Searchable abstracts of presentations at key conferences on calcified tissues
Bone Abstracts (2019) 7 P188 | DOI: 10.1530/boneabs.7.P188

ICCBH2019 Poster Presentations (1) (226 abstracts)

Impact of type 1 diabetes mellitus on skeletal integrity and strength in adolescents aged 12 to 16 years; as assessed by High Resolution peripheral Quantitative Computed Tomography (HRpQCT)

Janani Devaraja 1 , Paul Dimitri 1, , Margaret Paggiosi 2 , Carolyn Clark 1 , Richard Jacques 2 & Nick Bishop 1,


1Children Hospital NHS Trust, Sheffield, UK; 2University of Sheffield, Sheffield, UK.

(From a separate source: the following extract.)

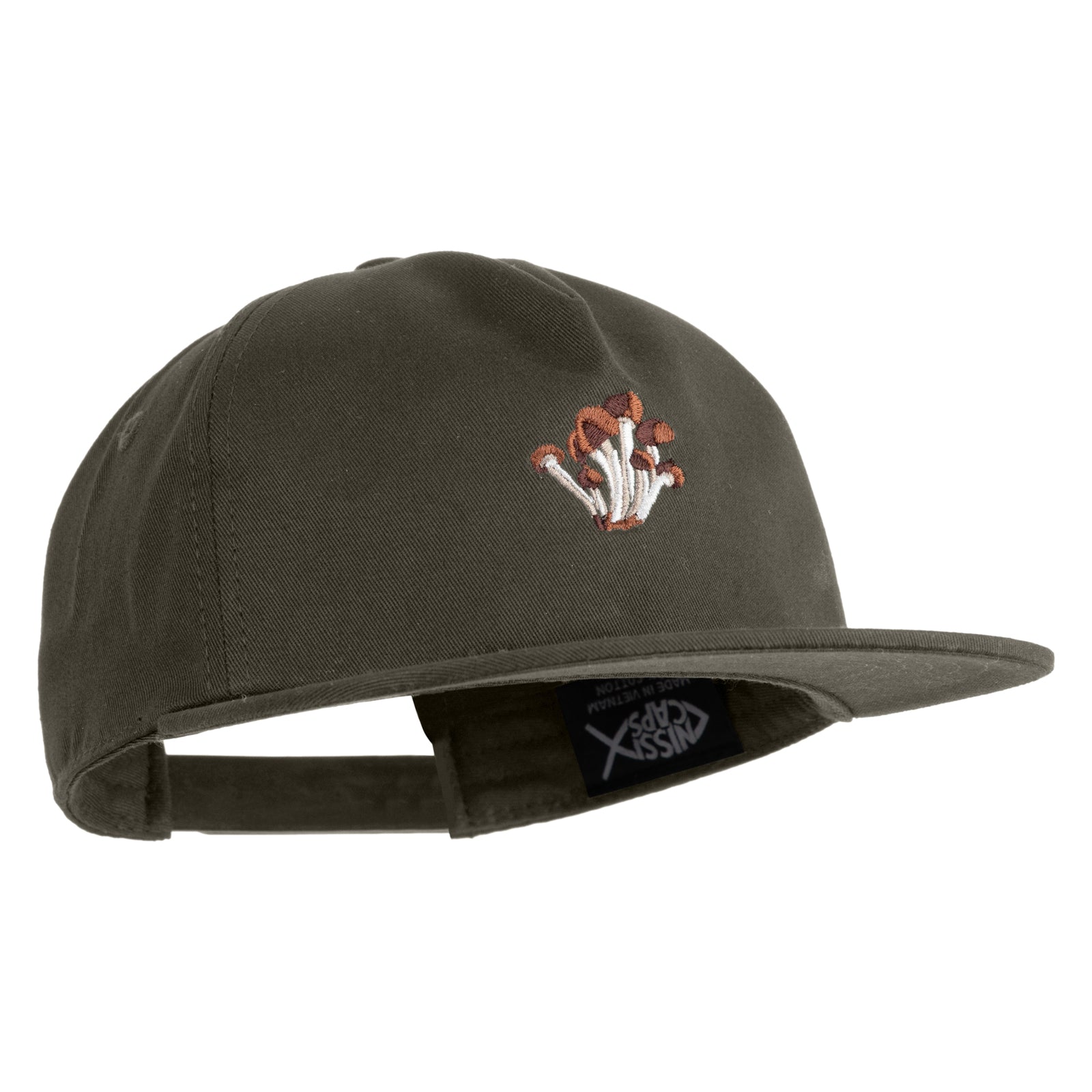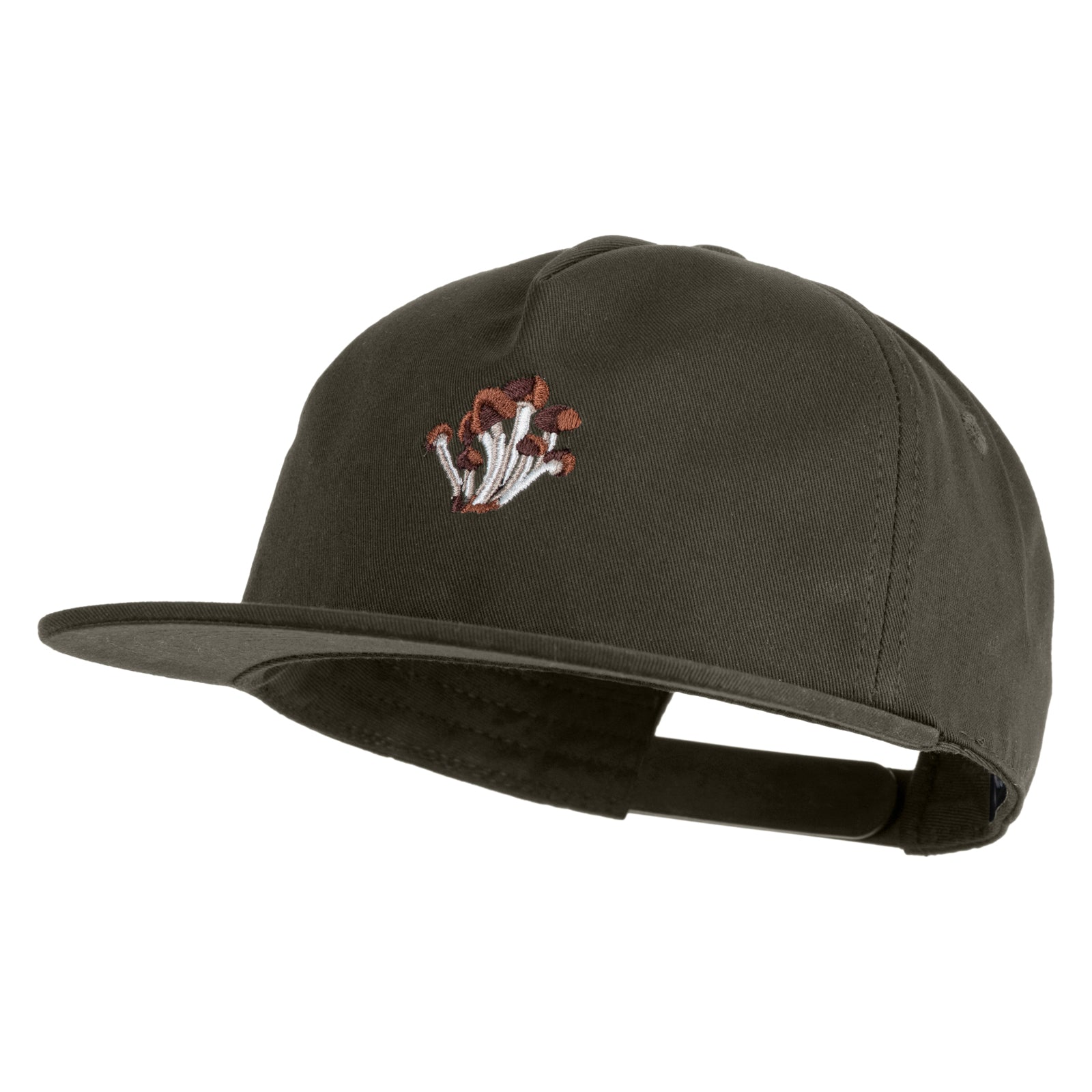 Title, Cluster Mushroom Embroidered 5 Panel Cotton High Profile Flat Bill Unstructured Cap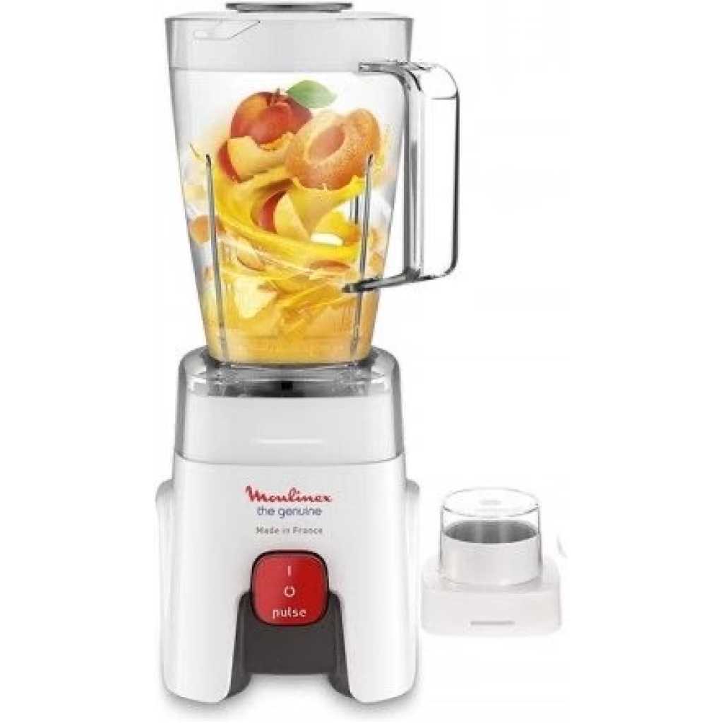 Key Features: Moulinex Blender LM241B27- 500Watts – White – France 500 Watts Blender & Grinder Attachment 1 Speed + Pulse up to 20% more efficient Made in France

Objectives: To investigate the impact of Type 1 Diabetes Mellitus (T1DM) on cortical and trabecular microarchitecture, and bone strength in adolescents; using High Resolution peripheral Quantitative Computed Tomography (HRpQCT) and microfinite element analysis. To our knowledge, this is the first study in children, assessing the impact of T1DM on skeletal microstructure and strength using HRpQCT.

Methods: We recruited 22 patients aged 12–16 years with T1DM who were matched by age and gender with healthy controls. Recruits underwent a standard medical and fracture history; and diabetic therapy and control was assessed in T1DM patients. Participants then underwent DXA and HRpQCT scans. Paired t-tests were applied to assess differences in total body, lumbar and pelvic DXA parameters, cortical and trabecular microstructural parameters and skeletal strength. Regression analysis was used to determine if there was an association between HbA1C and duration of diabetes with changes in cortical and trabecular microarchitecture, and bone strength.

Results: There was no significant difference in the total body, lumbar spine and pelvic bone mineral density. Tibial trabecular thickness was lower in T1DM patients (−0.005 mm; CI −0.01, −0.001, P=0.029). There was a reduction in trabecular loading at the distal radius (Tb.F/TF distal: −6.2; CI −12.4, −0.03, P=0.049),and distal and proximal tibia (Tb.F/TF distal: −5.2; CI −9.2, −1.2, P=0.013), (Tb.F/TF proximal: −5.0; CI −9.8, −0.1, P=0.047). Regression models demonstrated a reduction in tibial stiffness (−0.877 kN.mm, P=0.03) and tibial failure load (−0.044 kN, P=0.03) with higher HbA1C before and after adjusting for age and gender.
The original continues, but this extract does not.